A spokesman for TheBabyWebsite.com said: “When the parents of some of those people mentioned named their children, many probably didn’t even realise the implications at the time.
“Parents really do need to think carefully though when choosing names for their children.
“Their name will be with them for life and what may be quirky and fun for a toddler might be regretted terribly when that person becomes older or even a grandparent perhaps.”
And finally, finally, how about the Ryanair passenger who ate his winning lottery ticket because the cabin crew did not have 10,000 Euros in cash. Huh?
Angry Ryanair passenger eats his winning scratchcard
A Ryanair passenger who became enraged when he was told he could not claim a scratchcard prize on his flight ate his winning ticket.
The man was flying from Poland to the East Midlands on a Ryanair flight when he won 10,000 euros (£8,765) on a scratchcard he had purchased on board.
Ryanair confirmed he ate his ticket on 26 February after cabin staff refused to pay him the winnings immediately.
The airline said it could not reveal the winner’s identity.
Ryanair spokesman Stephen McNamara said the cabin crew and some passengers urged the man not to eat the ticket, but he stood up and ate it anyway.
He said it appears the passenger acted out of frustration and anger.
Mr McNamara explained that all winners must be verified before the cash prizes are handed out.

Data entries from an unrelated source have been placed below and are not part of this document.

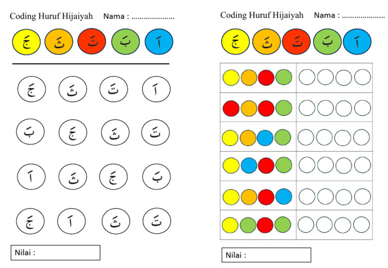 Coding Hijaiyah - menulis huruf sesuai kode warna di 2025 | Materi guru ...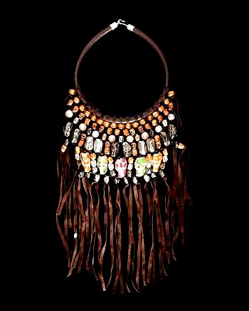 COUTURELAB: “Italian designer Delfina Delettrez is renowned for her skill in melding unusual and exotic materials, to create character pieces full of charm. Infused with romance and the macabre, these pieces reflect your strength of personality and stylish wit.  Delfina’s Brown Wudu Necklace has a raw tribal quality to its design. Set on a rich black leather necklace is a woven bib section containing rows of grinning skulls carved from sumptuous silver and glossy bone with fringed soft suede tassels. The unique materials complement each other and create this edgy statement piece which will add a strong accent to the simplest of outfits.”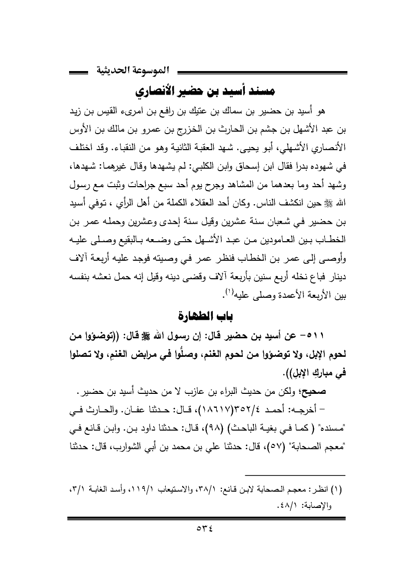٥١١ - عن أسيد بن حضير قال: إن رسول الله -صلى الله عليه وسلم- قال: "توضؤوا من لحوم الإبل، ولا توضؤوا من لحوم الغنم، وصلُّوا في مرابض الغنمِ، ولا تصلوا في مباركِ الإبلِ".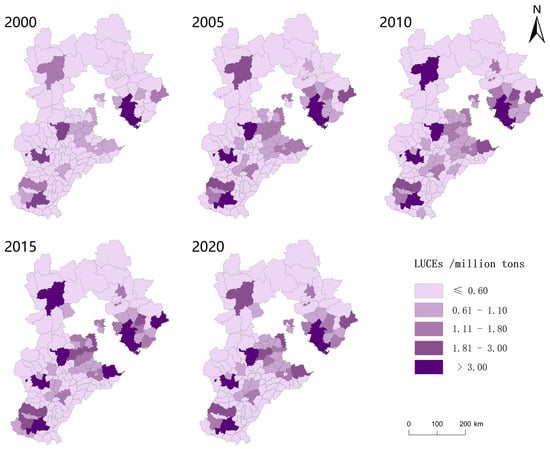 LUCEs’ spatial distribution maps in Hebei Province for five years, 2000, 2005, 2010, 2015, and 2020, were produced through ArcGIS 10.8.2 (Figure 4). LUCEs of counties in Hebei Province were categorized into five levels: low carbon emission zone (≤0.60 million tons), medium-low carbon emission zone (0.61–1.10 million tons), medium carbon emission zone (1.11–1.80 million tons), high carbon emission zone (1.81–3.00 million tons), and ultra-high carbon emission zone (>3.00 million tons). Significant disparities in LUCEs of counties were observed across Hebei Province from 2000 to 2020, with higher emissions in the southeast and lower emissions in the northwest. Elevated carbon emission zones were concentrated within the main urban districts of various cities in Hebei Province. The quantity saw a sharp reduction.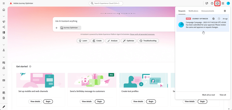 Se você tiver sido selecionado como aprovador, será notificado por meio de um email e um alerta do Journey Optimizer, que pode ser acessado ao clicar no ícone de sino na parte superior direita da tela, na guia Solicitações.
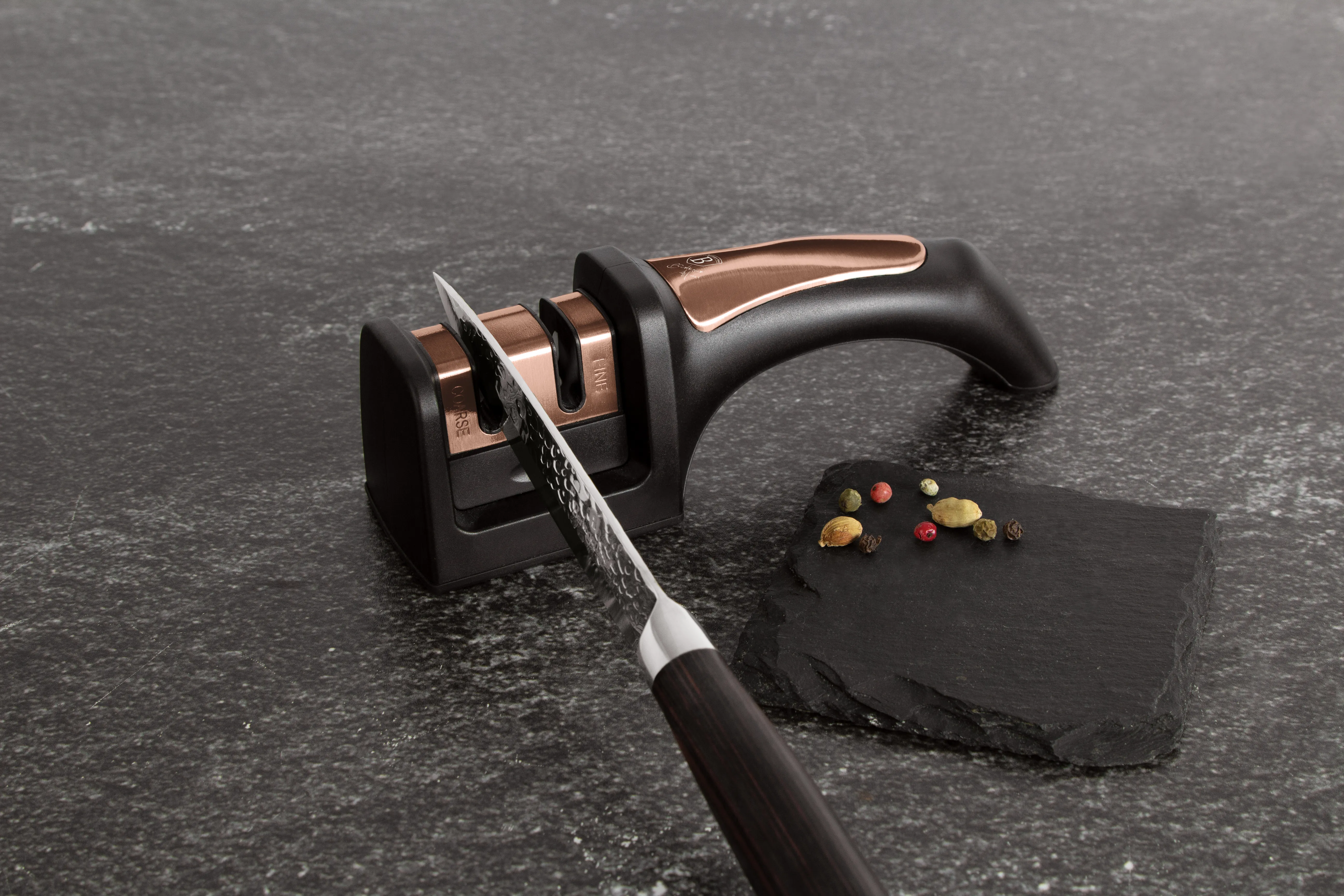 W pierwszym kroku ostrzymy nóż, by w drugim kroku wypolerować i wygładzić jego krawędź, dzięki czemu ostrze będzie bardzo ostre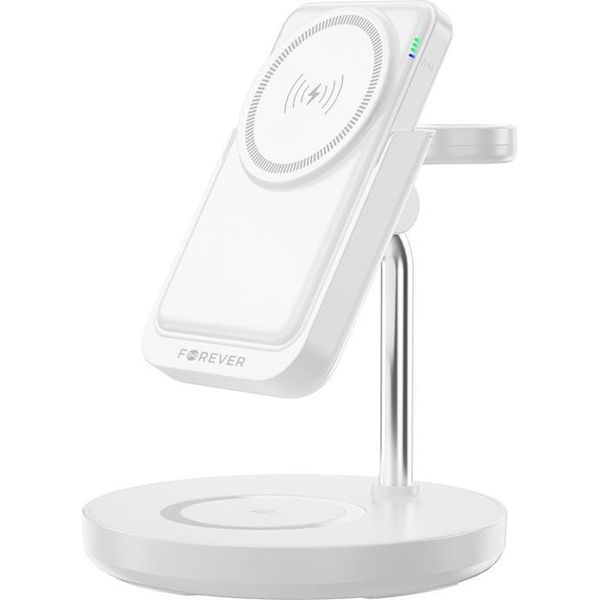 FOREVER MACS-100 MAGNETIC WIRELESS CHARGING STATION WITH POWER BANK WHITE 5IN1 (TEL.234860)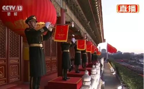 由军乐团八名礼号手在天安门城楼演奏《升旗号角》音乐,增加了升旗仪式的神圣感与仪式感。八名礼号手经过严格挑选,从技术到体貌都是最优秀的,未来一年基本不会轮换。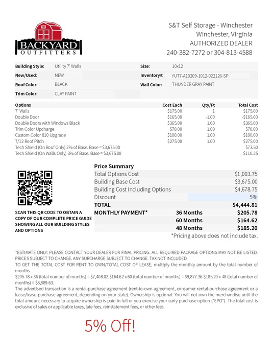 -7 Ft Walls -Add Trim Color -Tech Shield Roof -Tech Shield Walls -Custom Color Upgrade -7/12 Roof Pitch -Double Door with Windows Black | |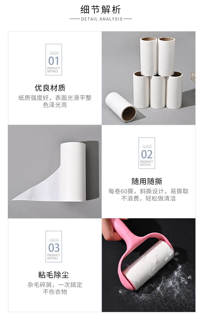 Spot sticky hair roll paper tearable sticky hair replacement paper core clothes hair removal roll paper pet hair removal artifact wholesale
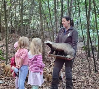 Ein Ort der uns einlädt zum Entspannen, Durchatmen und Wohlfühlen, bedarf unseren Schutz. Sehr eindringliche Worte findet V. Mayer nicht nur für die kleinen Menschen, sondern auch für die Großen. Mit Leichtigkeit schaffte Sie es, Kinder wie Erwachsene einzubinden und ihr Wissen anschaulich weiterzugeben. Dazu brachte sie u.a. ihr „Team“ mit, bestehend aus Eulen und Frettchen. Mit großen Eulen- Augen wurden die Kinder von Charly (einer Schleiereule) oder Michel (einem Waldkauz) beobachtet. Beinahe ehrfürchtig wurde das weiche Federkleid der Eule, zärtlich mit nur einer Fingerspitze, betastet. Ein Moment der Stille, um unsere sonst so lebhaften Kinder. „Warum kann die Eule ihren Kopf soweit nah hinten drehen?“, „Hat die Eule Ohren?“, Wie „sieht“ sie in der Nacht ihre Beute?“ waren eine von vielen Fragen, ob von Groß oder Klein. Die Waldpädagogin beantwortete alles mit viel Engagement und praktischen Übungen. Auch Frau und Herr Mayer, die Frettchen aus Vici´s Team, wurden von den Kindern gestreichelt, neugierig beobachtet und „gerochen“, denn „du stinkst, wie ein Iltis“ ist nicht nur eine Redewendung sondern Tatsache, so wie alle Teilnehmer feststellen durften.????
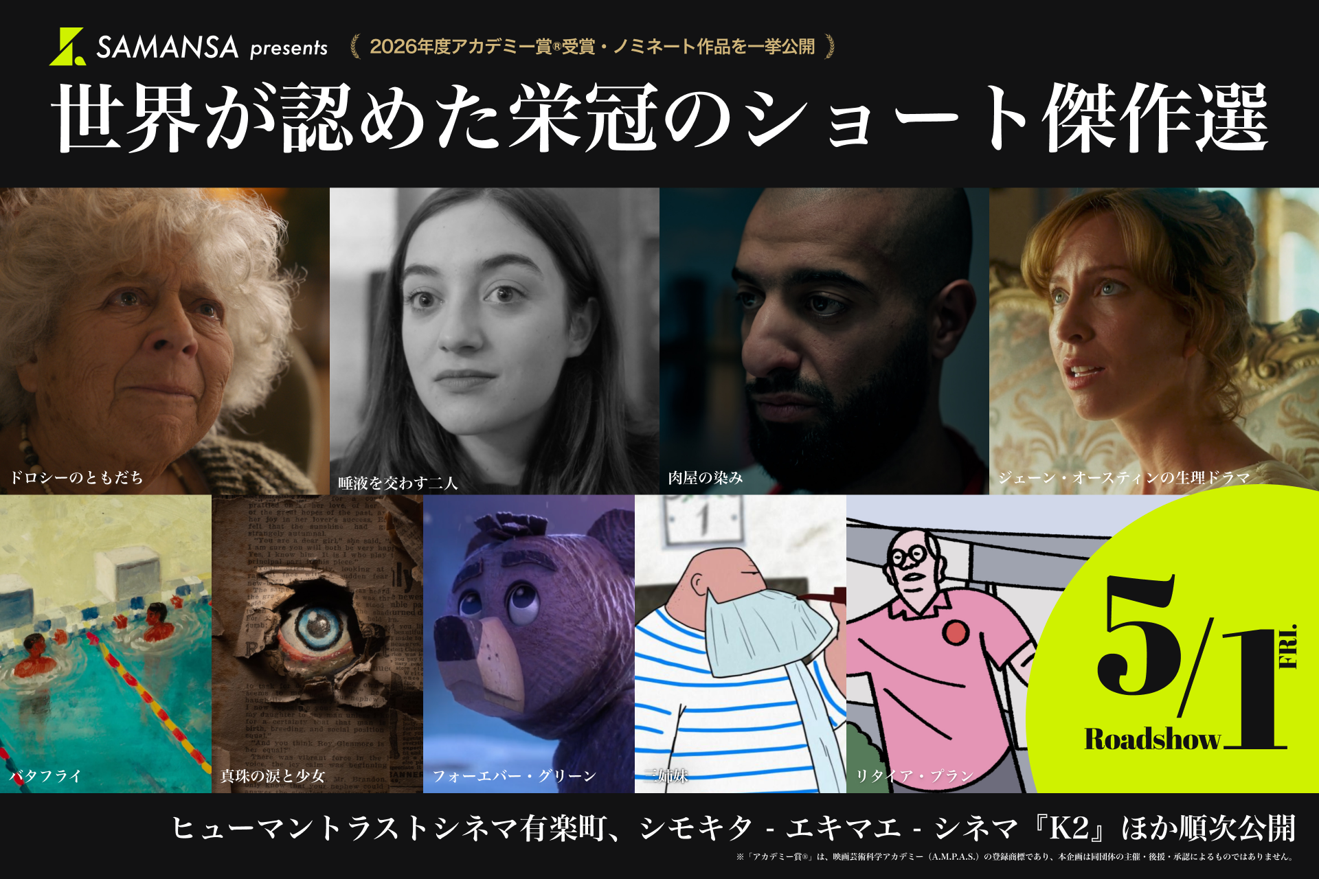 ショート映画配信サービス「SAMANSA」を展開する株式会社SAMANSA(本社:東京都、代表取締役:岩永祐一)は、アカデミー賞®受賞・ノミネート作を含む傑作9編の劇場上映プロジェクト『SAMANSA presents 世界が認めた栄冠のショート傑作選~2026年度アカデミー賞®受賞・ノミネート作品を一挙公開~』において、新たに「シモキタ – エキマエ – シネマ『K2』」(下北沢)での上映が決定したことをお知らせいたします。

He said the airline crew did not have the cash “kicking around the aircraft” and in any case the prize had to be collected directly from the scratchcard company.
“In the last two years Ryanair’s scratchcards have given away 10 cars, more than €300,000 in cash prizes and more than 100,000 flight vouchers,” he said.
Since the prize will now go unclaimed, the money will be donated to charity, he added.
The winning charity will be chosen from a list of five charities in a web vote.